There is enough blame to go around. We Christians are not at all Christian. We have another headline from Ha’aritz the other day, “Armenian Archbishop Quits Over a Spat With a Yeshiva Student”. This is probably something you have never heard of before. The Armenian archbishop in Israel, Nourhan Manougian, was questioned under warning by police yesterday after he slapped a Yeshiva student during a procession marking the Feast of the Exaltation of the Holy Cross in the Old City of Jerusalem. The archbishop slapped the student after the latter had spate at the Cross the Armenians were carrying and at the archbishop himself. Here’s a little paragraph down number 3 –
“Religious Jews among them Yeshiva students customarily spit on the ground as a sign of disgust at seeing the Cross.
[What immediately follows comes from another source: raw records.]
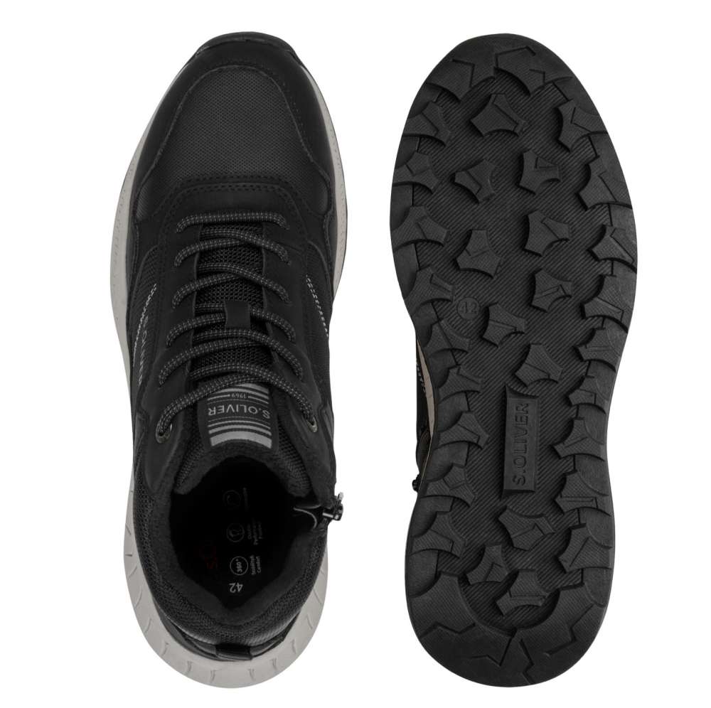 S.Oliver Tex fekete bakancs kombinált szintetikus-textil felsőrésszel, kontrasztos világos talpon. Textil (nem bundás) béléssel, belső részén cipzárral készült. Kényelmét “SOFT FOAM” memóriahabos talpbetét fokozza.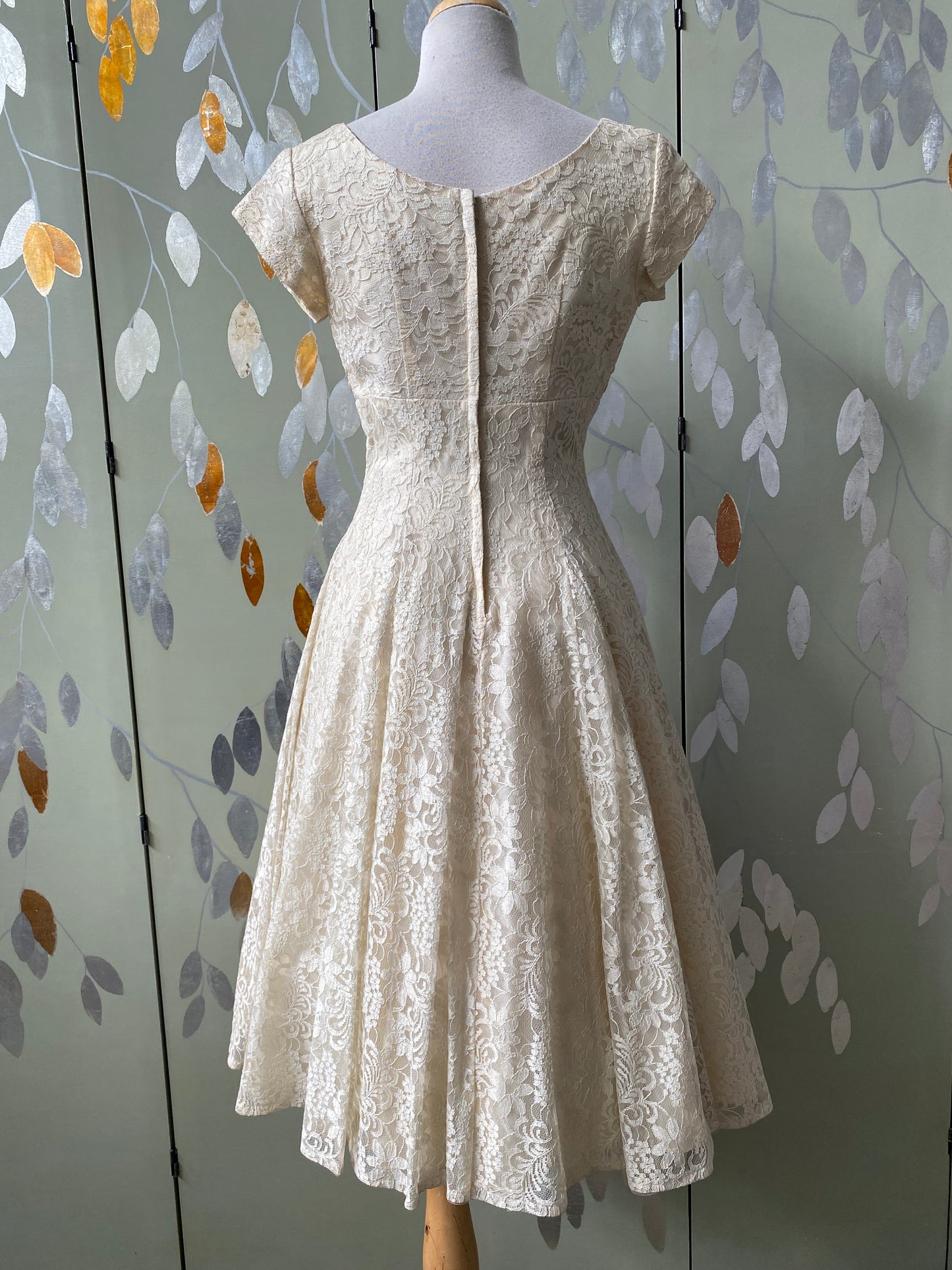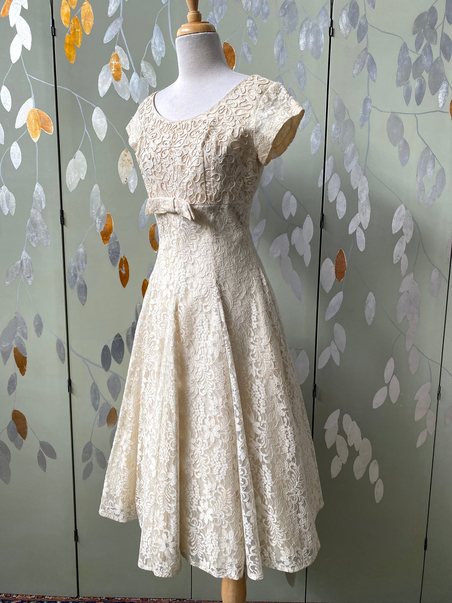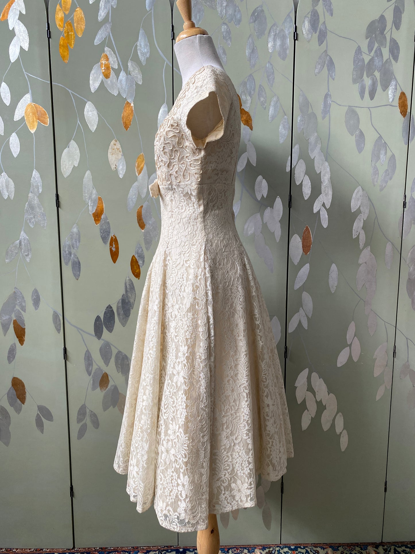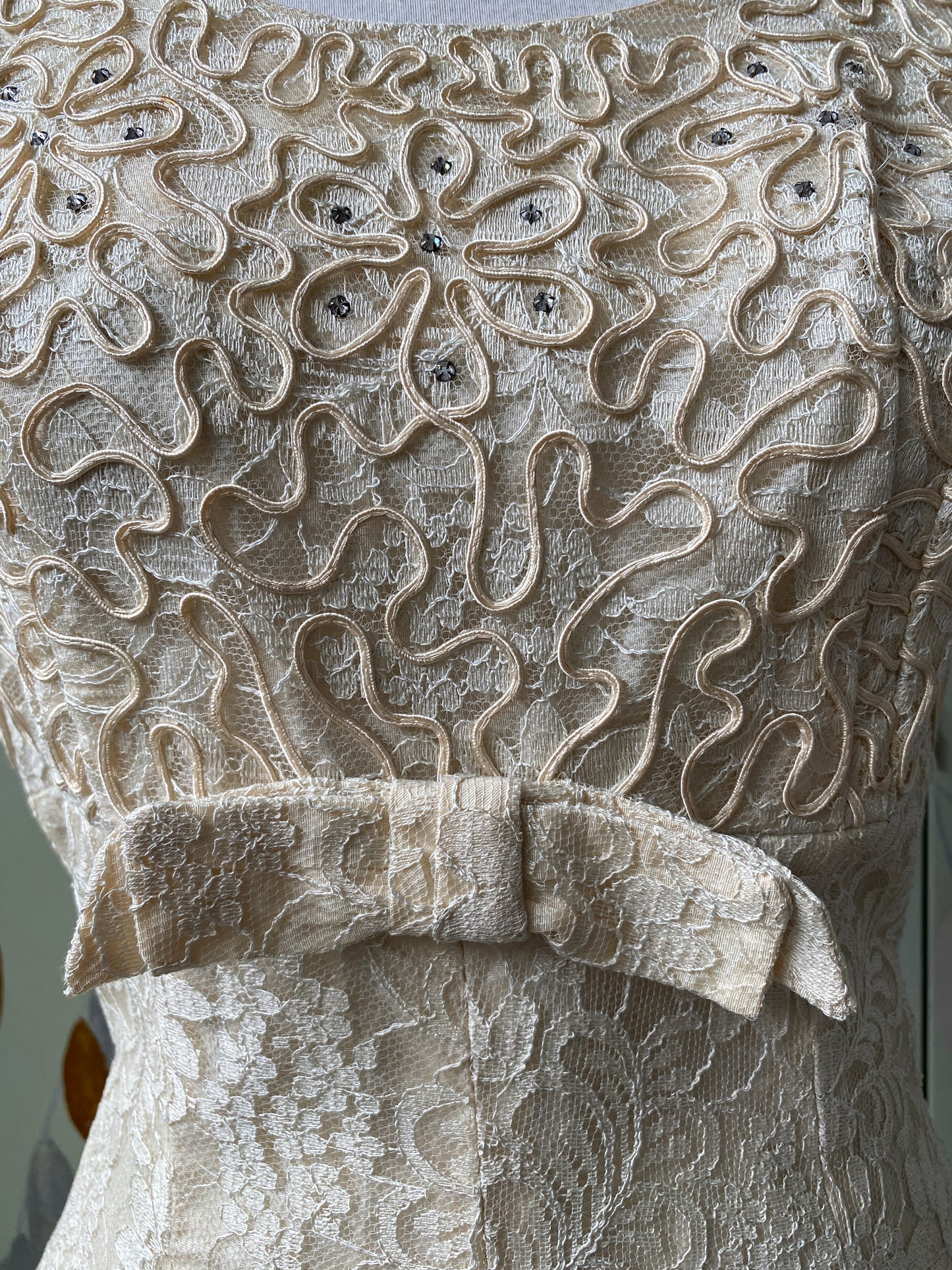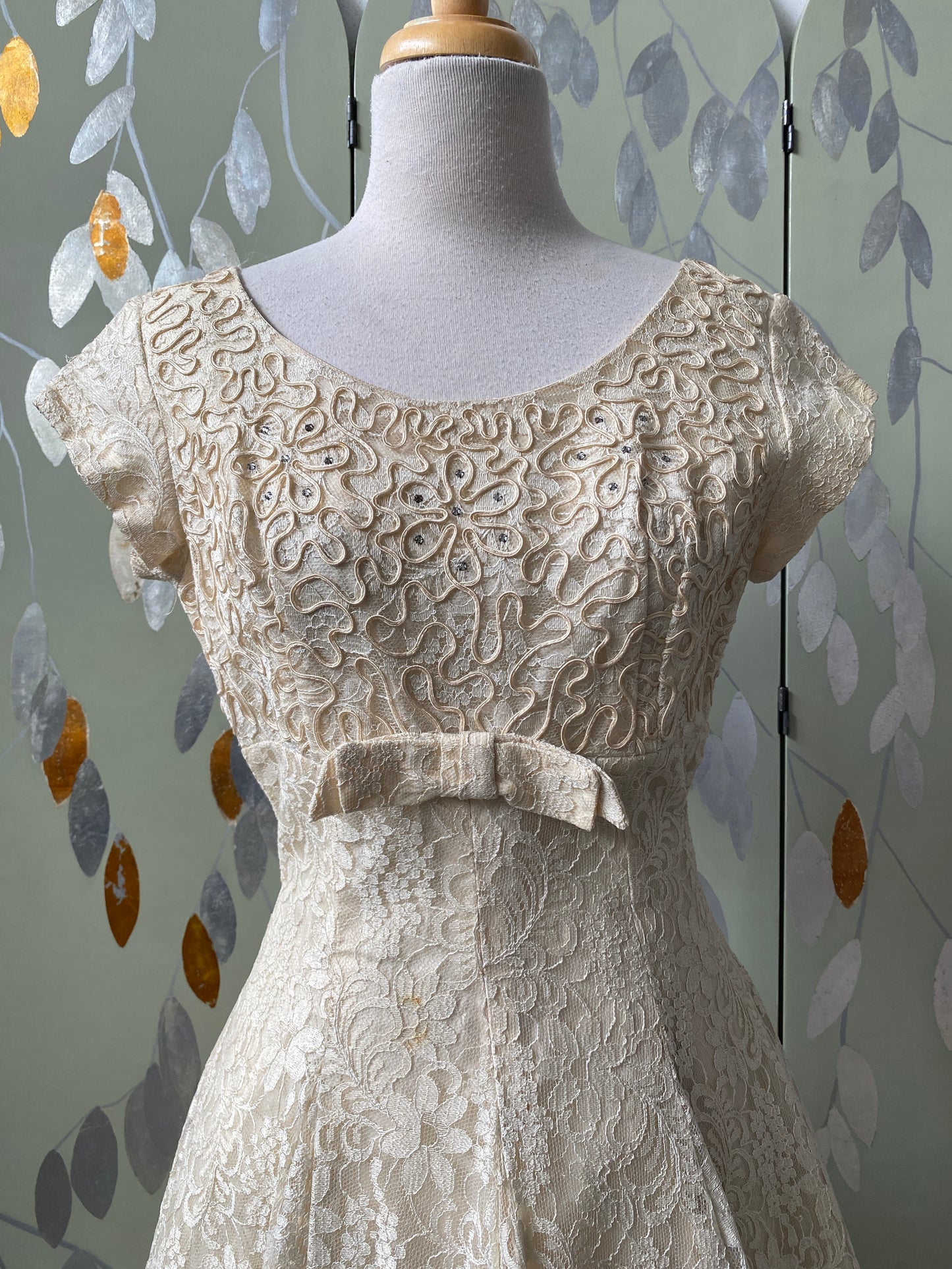 Vintage 1950s Cream Lace Cocktail Dress with Embellished Bodice, B34"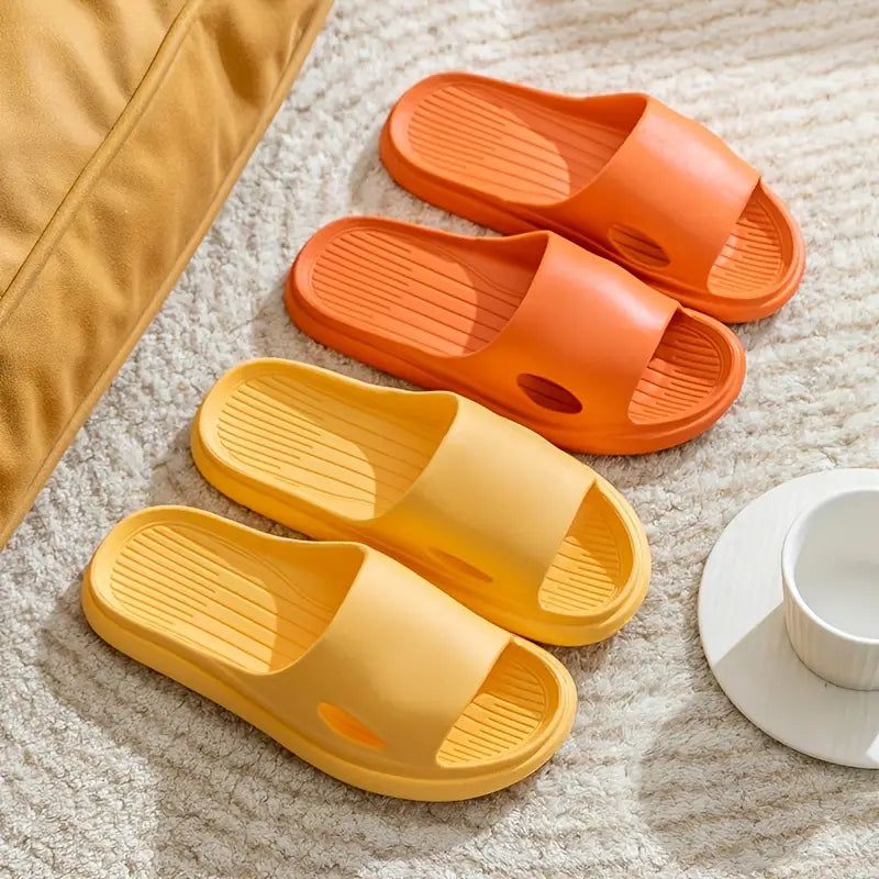 Lightweight, Non-Slip Indoor/Outdoor Slide Sandals in Yellow, Orange, And Black for Home, Bathroom, And Spa Use, Indoor Slippers

The Armenians who live adjacent to the Jewish Quarter of the Old City suffer from this phenomenon more than any other sect in the Old City.”
So in the name of God, we have Yeshiva students spitting on the archbishop and on the Cross. We have monks fighting in the Church of the Holy Sepulchre. So I say, “There is enough blame to go around.” I hope that these few facts that I have given you, these few little pieces of information are sufficient to engage us in questions, but I would like before we start with the questions to have either of the panelists make a comment on something I might have left out. Maybe they would like to add to what I had to say.